What the work involves
micro1 is staffing this for a customer's systems alignment project. You'll be handed realistic (often deliberately messy) slices of a SaaS revenue stack — CRM objects, subscription and billing records, support tickets, automation rules — and asked to find where the operational logic contradicts itself. Duplicate accounts with divergent entitlements. A renewal automation that fires off a stale close date. Permission sets that let a CSM edit a field the billing system treats as source of truth. Your job is to surface these, decide what the correct end state is, and write it down.
The deliverable is rarely a config change. It's documentation: a precise statement of the conflict, the reasoning behind your proposed resolution, the cascading effects across adjacent systems, and — importantly — what you chose to leave alone and why. Tasks often ask you to draft operational prompts describing how an ambiguous scenario should be handled, in language a model can learn from. Expect grey areas around mid-term entitlement changes, co-term renewals, partial refunds, and downgrade logic, where written policy runs out and judgment starts.
What the screening looks for
- Hands on the keys. The platform probes whether you personally built validation rules, workflows, and permission models — or signed off while an admin did. Follow-ups get specific fast: object names, field types, why you chose a formula over a rollup.
- Multi-system fluency. One CRM isn't enough. You should be able to trace a record from quote through subscription through invoice through support ticket and explain where each system claims authority.

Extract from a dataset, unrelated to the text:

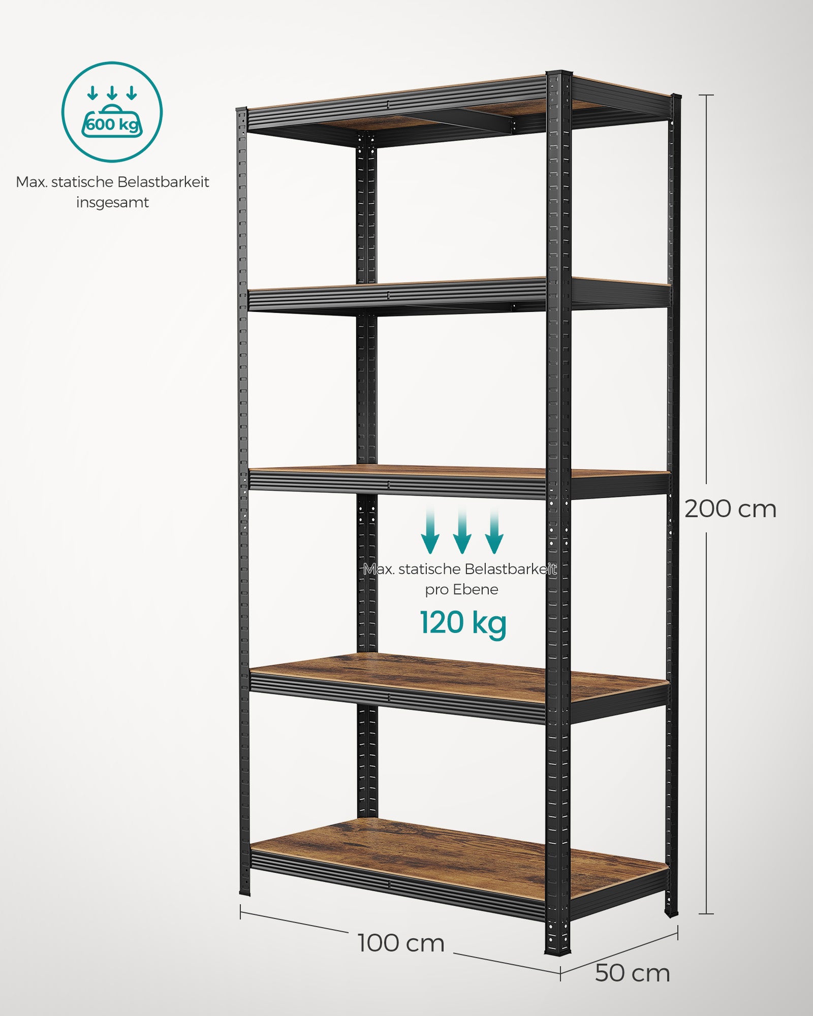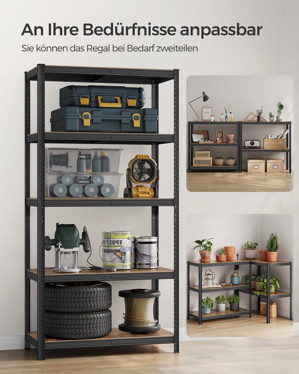 Denne værkstedsreol har en solid konstruktion af spånplade, der støttes af en stålramme med ekstra forstærkningsstænger. Hver hylde kan bære op til 175 kg, hvilket gør den sikker til opbevaring af malinger, værktøj og fitnessudstyr.

- Reasoning under conflict. Scenarios are built so that two defensible answers exist. Evaluators score the transparency of your trade-off, not the answer you land on.

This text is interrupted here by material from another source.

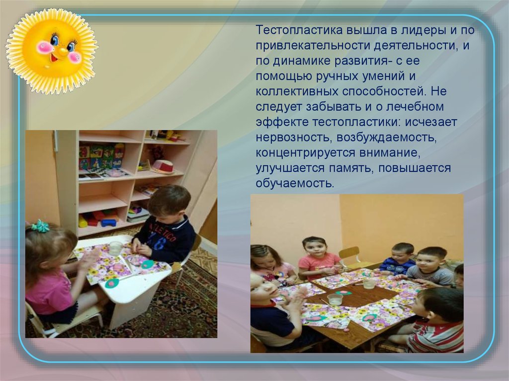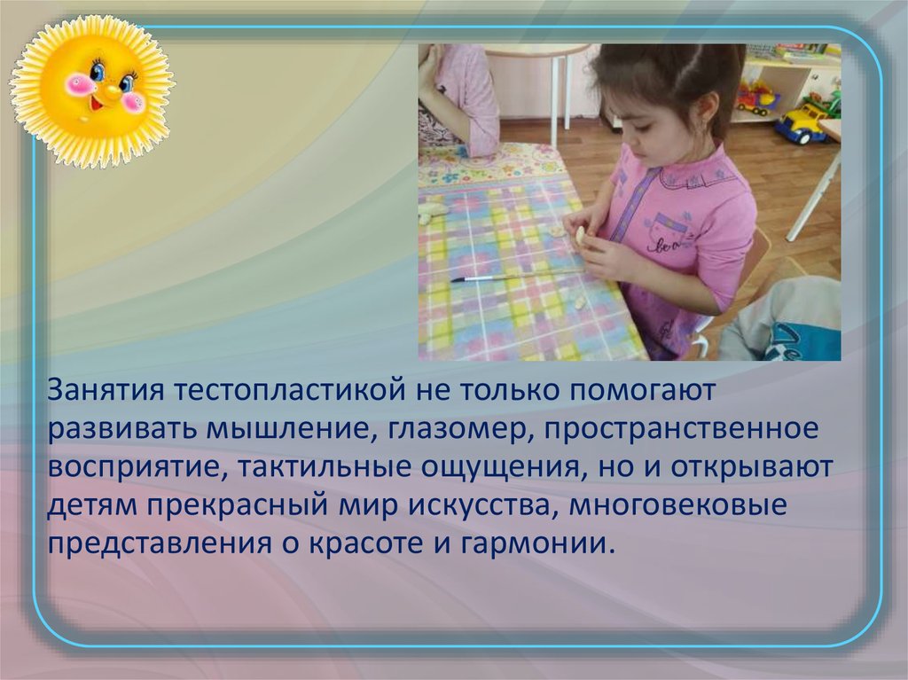 Занятия тестопластикой не только помогаютразвивать мышление, глазомер, пространственное

- Written precision in English. Nuance carries the value here; vague documentation is the main failure mode.
Logistics
Contractor engagement, fully remote, asynchronous. Work is delivered as discrete tasks rather than scheduled shifts, so you set your own hours — though most contributors find blocks of two to three uninterrupted hours produce better documentation than scattered fifteen-minute sessions. Volume varies with project phase. The $45–90/hr band reflects rates observed on similar micro1 engagements and is not guaranteed; placement within it typically tracks depth of system ownership and domain complexity. No prior AI or ML experience is expected or required.